The Hinde & Dauch Paper Company was an international paper-making company that was based in Sandusky, Ohio, United States. The firm was founded as Sandusky Paper Company by W. J. Bonn in 1880.

Two developers of a hay-baling process, James J. Hinde and Jacob J. Dauch, later purchased the company. It was ultimately acquired by the West Virginia Pulp and Paper Company.

A 2009 story in the Sandusky Register recalled the days of a century before, when the company employed 350 workers in the city. Local residents clearly remembered the scent of the company; to quote Erie County Historical Society president Janet Senne, "It smelled up the whole town. It made you sick to your stomach in the 1940s". In the previous two decades, Hinde and Dauch had been the city's largest employer.
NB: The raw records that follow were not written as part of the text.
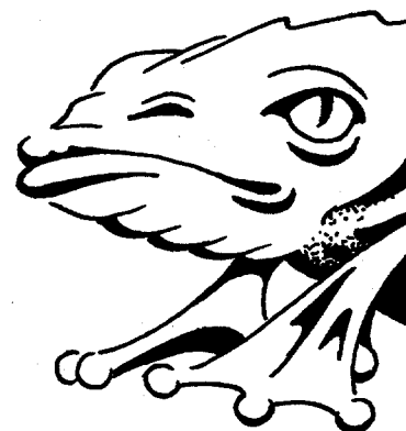
Figure 2.1 Black-and-white versions of the TO
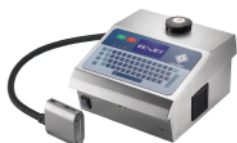
Large Character Inkjet Printer
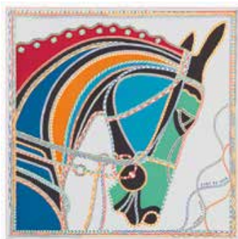
Hermes Robe du Soir Scar 90 £330 www.hermes.com
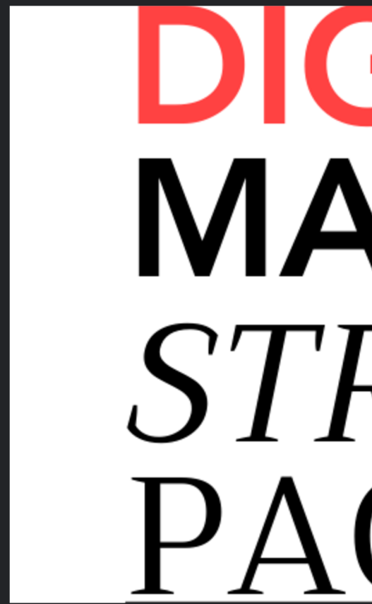
Website Banners and Graphics
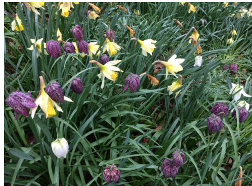
Snakes Head fritillaries among the daffodils under the Caucasian Wingnut tree

Three of the company's buildings are separately listed on the National Register of Historic Places.

==409 West Water Street==

The 409 West Water Street facility was built in 1906. It was torn down between 2013 and 2014 as it was a blight.

==401 West Shoreline Drive==

The 401 West Shoreline Drive facility, on Sandusky Bay, was built in 1918.

The building is very large, and most likely the Hinde & Dauch factory building, now occupied by Chesapeake Lofts, was a condo development.

==407 Decatur Street==

The 407 Decatur Street facility was built in 1926, 26 years after the 409 building was built. Now occupied by the Sandusky City Schools offices.